Holy Flashbacks, Batman!

When my aunt Missy mentioned that she wanted to take her daughter, Erin, and my sister roller-skating, I jumped at the chance to go, too. There was a time, long ago, when I roller-skated everywhere. I’m not talking inline skates, either, which became popular at some point in the mid nineties. Straight up roller skates, with the brown laces and orange wheels.

So today when Bernie woke me and said Missy would be by to get us at one, I was pumped. I took a shower, made something to eat, and got ready to go. On the way there, we listened to Chumbawumba. On cassette. Clearly, that was an omen foretelling the nostalgia to come.

St. Paul’s, where I went to elementary school, never let us have dances, so instead we had roller skating parties. Rumor had it that the priests thought we would forget to “leave room for Jesus,” and figured that getting too close was an impossibility if you had wheels on your feet. The parties were held at Rainbow Rink in Tonawanda, which was built in 1949. By the time I showed up there 40-some years later, there was nothing but day-glo paint as far as the eye could see. Near the entrance, to your right, was a sitting area, where they had birthday parties on weekends and where parents of youngsters sat and waited. Next to that was the skating area, and at the end was the DJ booth, looking down over everything. On the right was the girl’s bathroom, which saw a thousand broken hearts, at least one of them mine, then the boy’s bathroom, then the snack bar, and skate rental. It’s pretty much the same today, except the sitting area is by the DJ now, they put in a skateboard ramp, and added an arcade.
Other than that? Same. Damn. Room.

The carnival ride lights spider webbing the ceiling, disco balls, and excessive amount of black lights remain.

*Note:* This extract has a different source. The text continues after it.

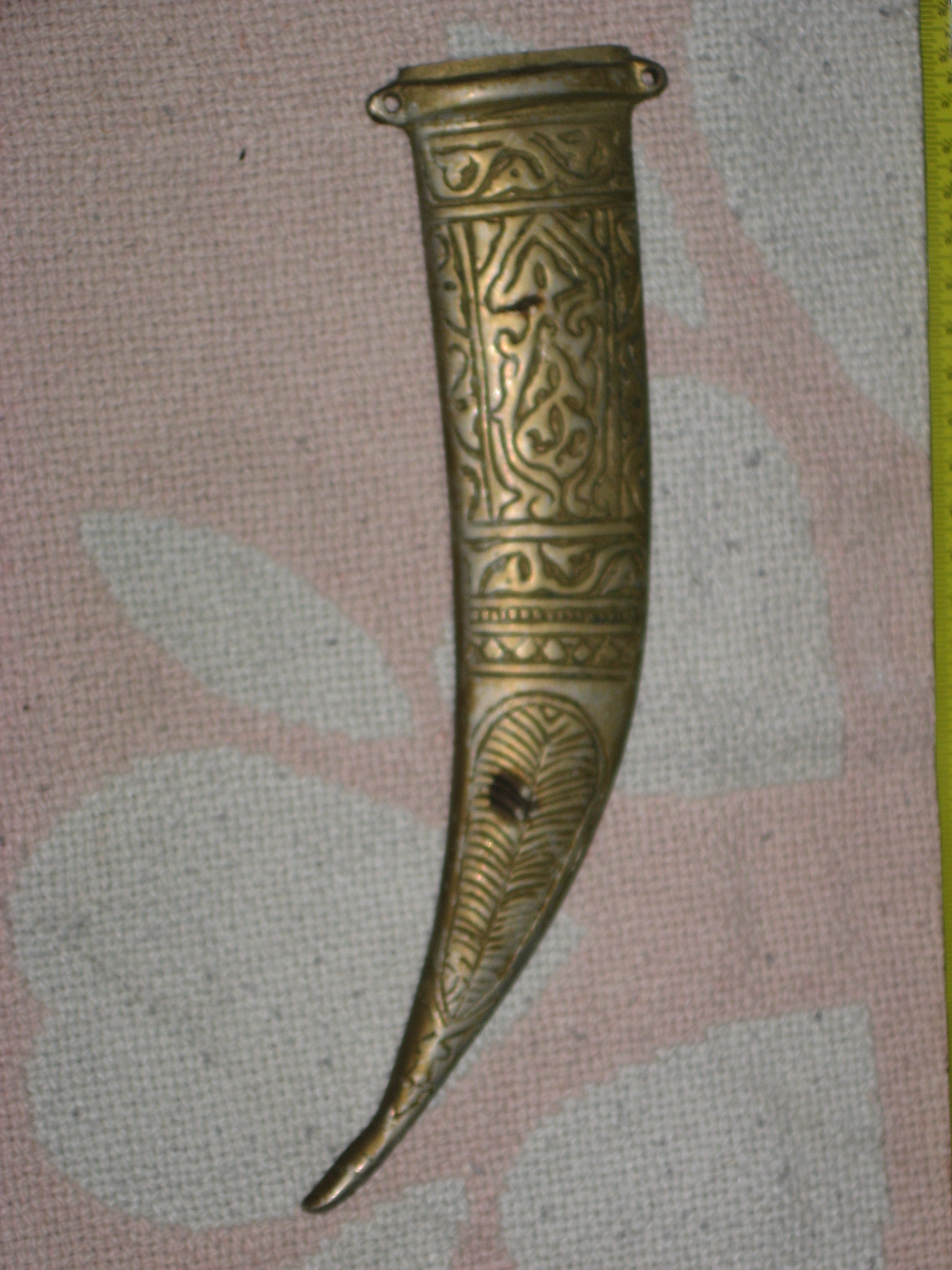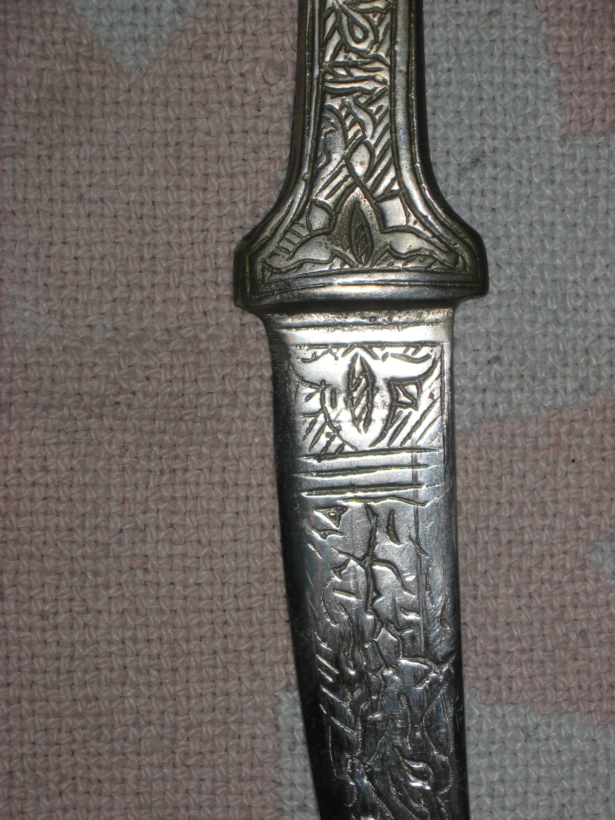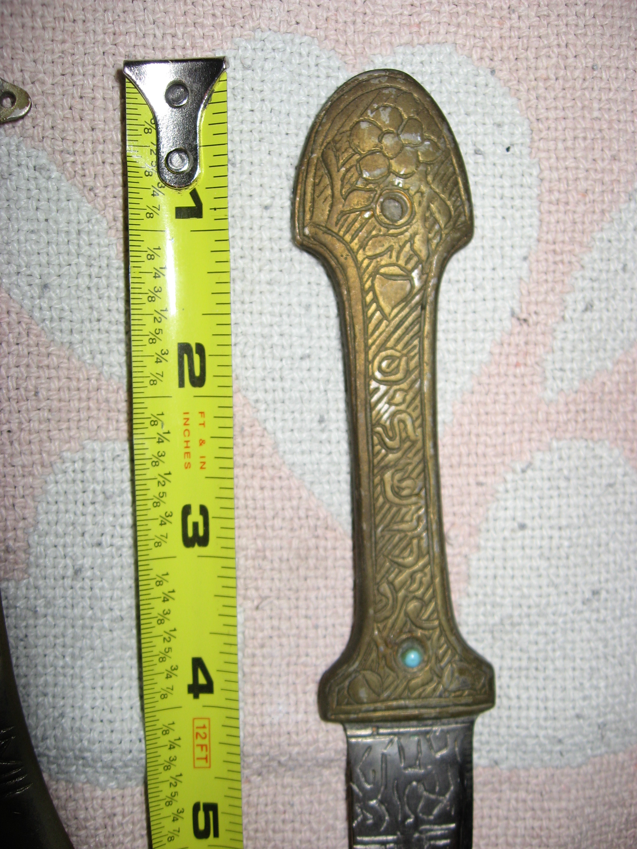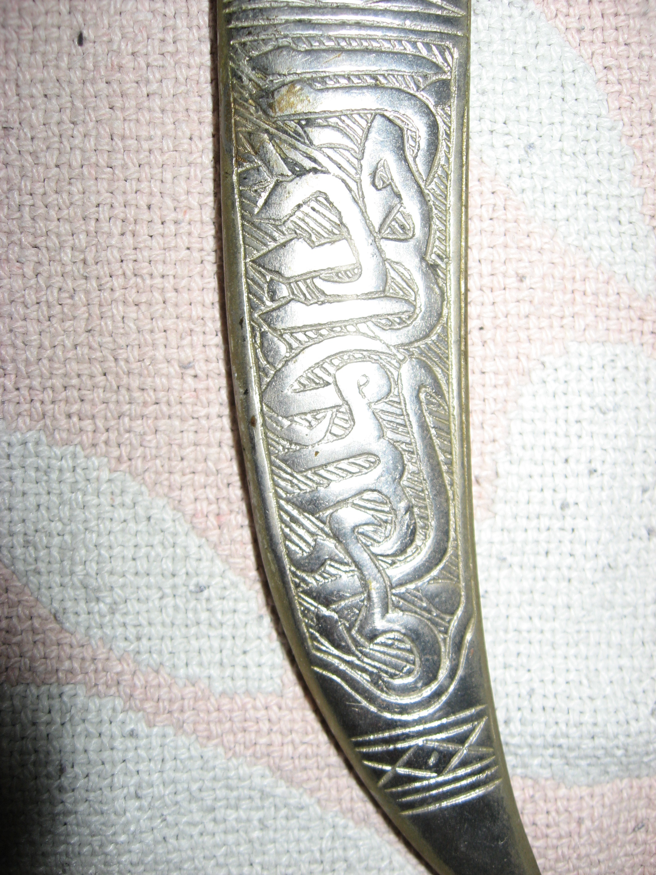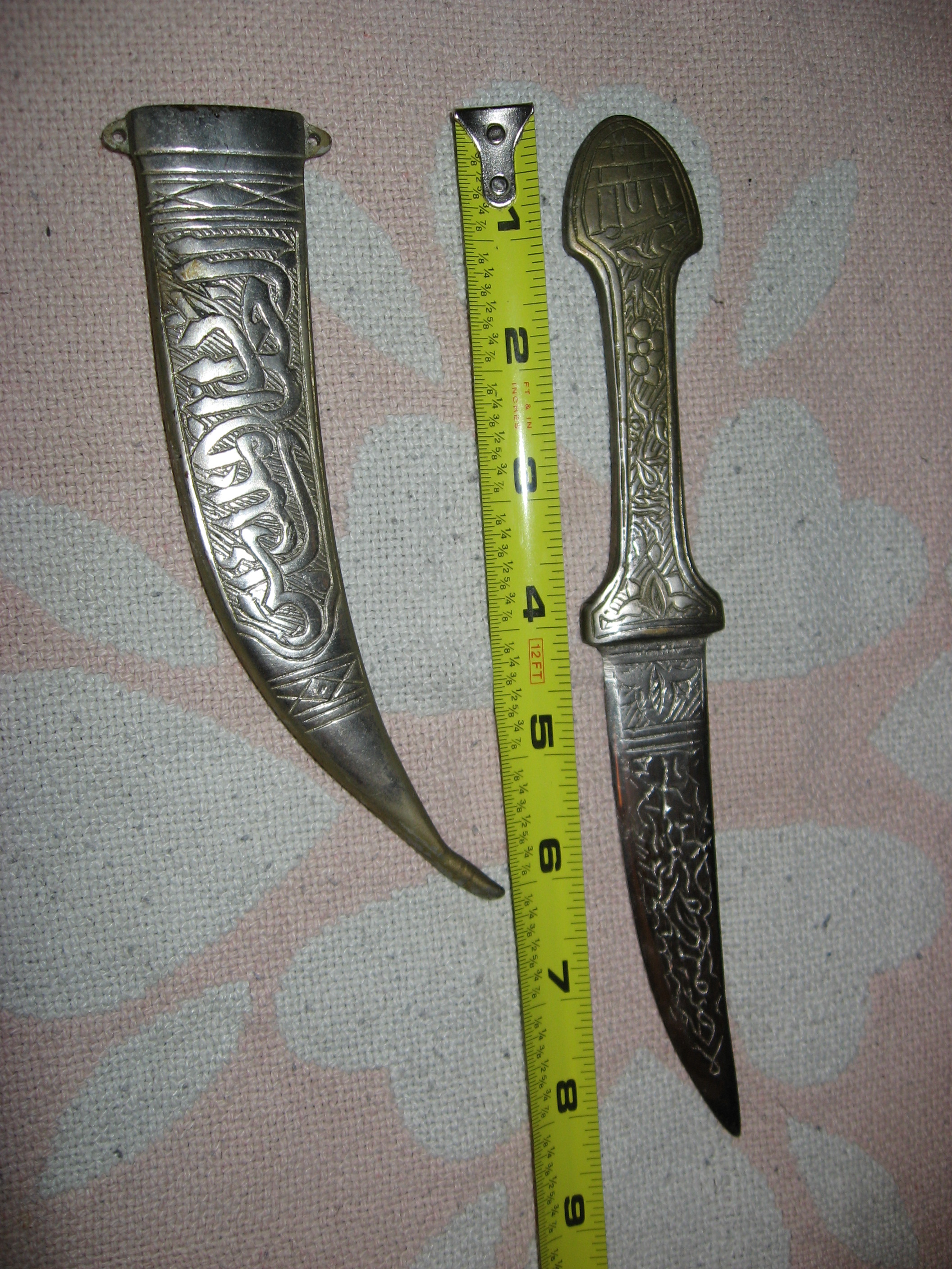 At least 47 years old (my age). Hanging on the wall all that time. May be silver, not sure. Arabic writing or design. Has one little pearl/stone on sheath with a spot where one is missing. Looks like it was made to hang on wall or sash having two mounting holes on top sides of sheath.

The neon arrows painted on the wall are still there, as are the multi colored booths and orange and yellow lockers. The only change in the snack bar is that everything is 50 cents more expensive, and the arcade games are now late 90s instead of late 80s.

I steeled myself upon entry for what I assumed would be a short trip down memory lane, but was surprised by the amount of good and bad memories that struck me. It may have had something to do with the fact that the song playing as I walked in the door was “Cotton Eyed Joe” by Rednex, which played at probably every skating party I attended between 1994 and 1997. I immediately texted Kevin.
His response?
Kevin: WOW.
(Kevin and I not only went to the parties, but spent a few weekends there with Dennis, in what seemed to be Kev’s attempt to impress this girl Autumn with what I assume he thought of as his mad rollerblade skillz.)
Then I had to text Todd and Beth and tell them where I was. Todd responded with a “Wow, sweet!” that had several more w’s and exclamation points. Beth’s reaction was more balanced, asking if she was someday going to have to take the girls there. Part of me really wanted to text Christina too, though I don’t know if she can get them…what with her being in Australia and all. She probably can, but I still find it amazing that Beth, who is in New York, can receive a message from me in an instant. I guess I haven’t got my head wrapped around technology enough to go transcontinental.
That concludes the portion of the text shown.